Publié le 26 août 2008 par Menear
Posté le 26 mais écrit le 15 pour cause de blackout bis (pas frais).
Je comprends qu'on puisse être sceptique, d'ailleurs je n'ai pas manqué de l'être moi-même avant mes premières tentatives. S'être entendu dire (ou penser) : la lecture écran je ne m'y mettrai jamais parce que je ne peux pas me passer du contact physique avec le livre. Puis se rendre compte qu'en réalité le problème est ailleurs. Que la lecture écran n'a pas à en remplacer une autre (le dilemme n'a rien à voir avec sa variante musicale par exemple, puisque le contenu audio a déjà été dématérialisé depuis longtemps via le produit compact disque, déjà numérique en lui-même) mais qu'elle devient au fil du temps une lecture complémentaire.

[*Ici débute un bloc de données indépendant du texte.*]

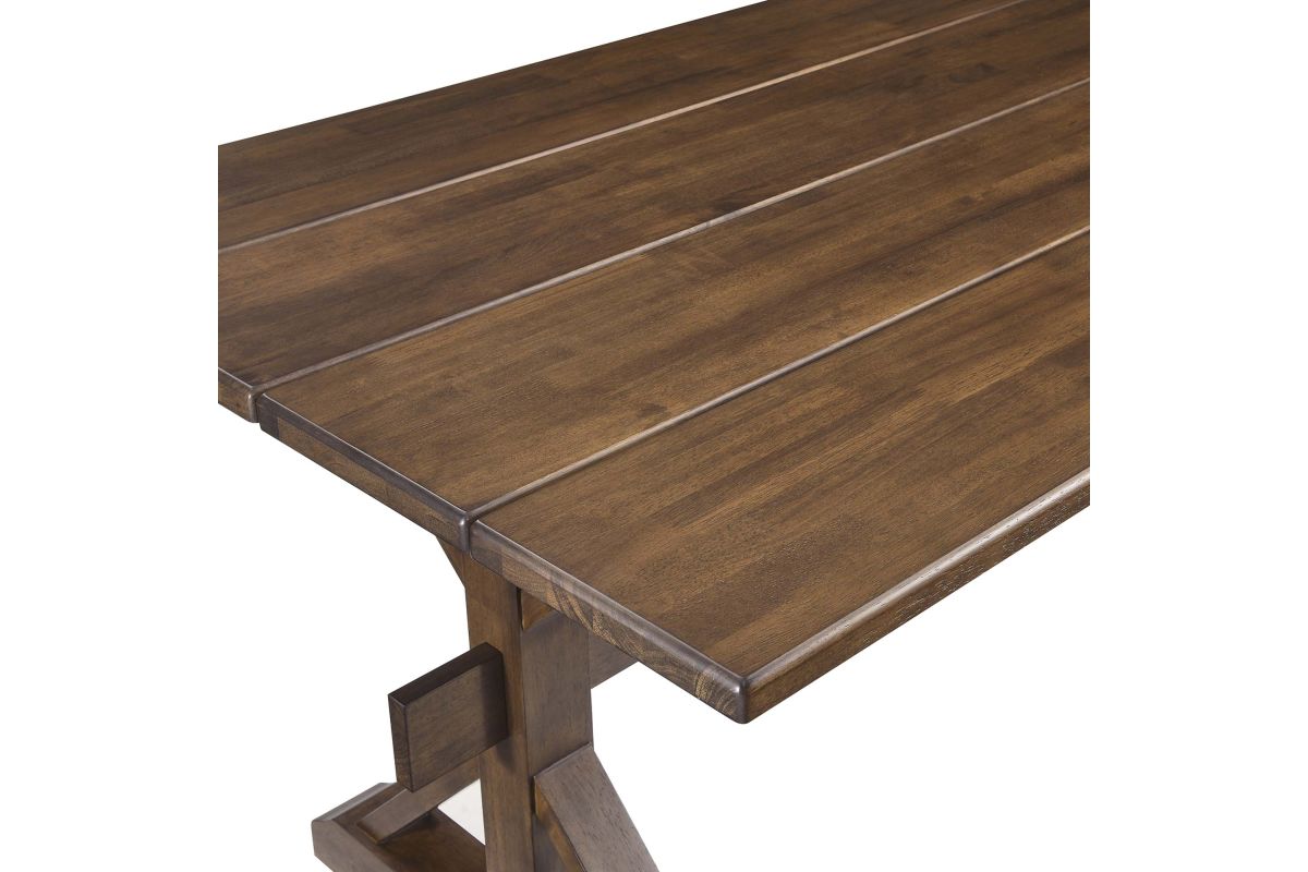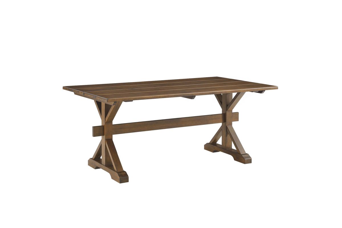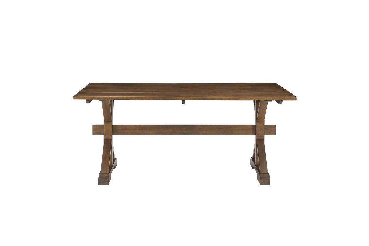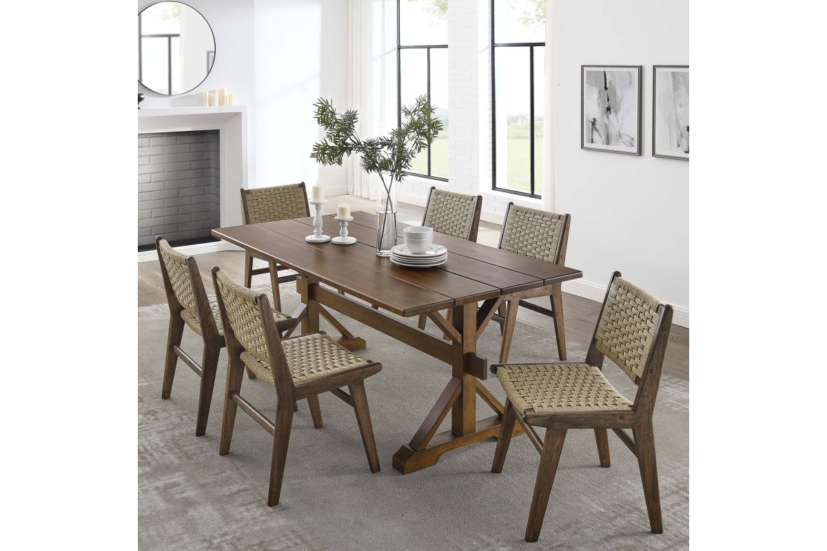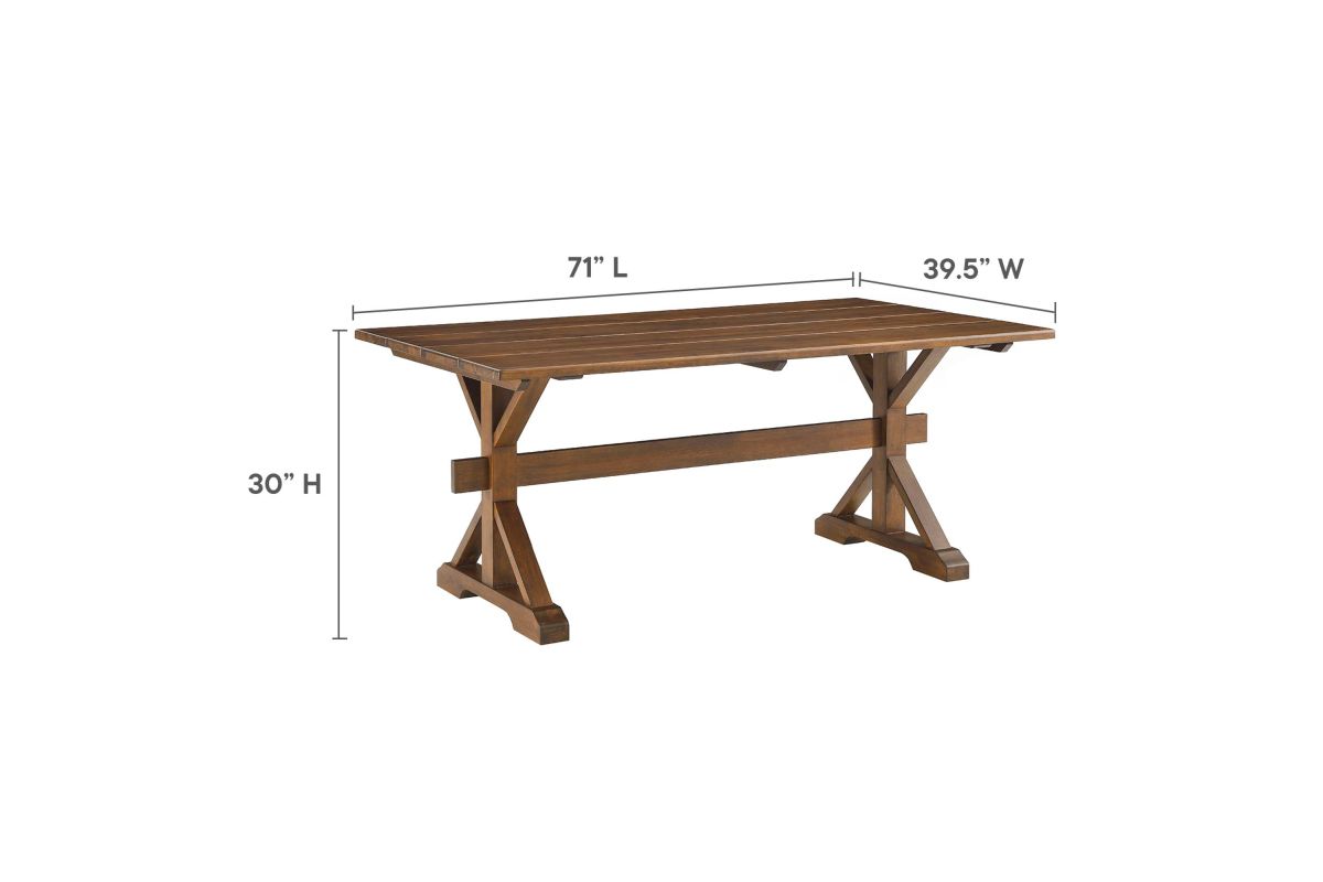 Bring the warmth of the countryside into your dining room with the Windchime 71" Wood Dining Table. Crafted from solid wood and wood veneer, this sturdy trestle table stands 71 inches long, seating 6 to 8 dining chairs comfortably. The natural wood grain elevates the charm, while the trestle base adds a rustic design element. Ideal for both intimate dinners and entertaining family and friends, this wood dining table effortlessly blends farmhouse charm with modern appeal, making it a must-have centerpiece for your home. Simple assembly required. Includes adjustable levelers for added stability and to protect flooring. Weight Capacity: 740 lbs.

Comprendre qu'à terme le fichier PDF ou Epub ne remplacera pas l'objet livre ; là encore l'exemple de l'industrie musicale (ou cinématographique) sert de contrepoint : la littérature a cela de particulier qu'elle propose un contenu qui est à la fois l'objet qui le contient, packaging compris. De fichier numérique à livre papier, les enjeux ne sont tout simplement pas les mêmes.
On nous répète depuis des années (sortie commerciale des premières tablettes numériques ou liseuses dès le début des années 2000) que la révolution de la lecture écran est en marche mais c'est en réalité depuis moins d'un an que les choses se sont accélérées. D'abord avec l'arrivée sur le marché de liseuses dernière génération, bénéficiant de la technologie dite de l'encre numérique, capable d'émuler le confort de lecture papier sur une tablette portative à écran plat. L'écran n'est pas (plus) LCD, il ne s'agit pas (plus) d'un ordinateur de poche, mais bien d'un appareil dédié à et pensé pour la lecture écran. Trois noms en tête qui sortent du lot, souvent via les États-Unis d'abord : le Kindle d'Amazon, le Sony PRS-505 et le Cybook de Bookeen. Pas de tests comparatifs à lire entre ces pages (je ne les ai pas même eu quelques secondes dans les mains) ; simplement l'émergence d'une technologie prête à accélérer drastiquement l'usage de la lecture écran.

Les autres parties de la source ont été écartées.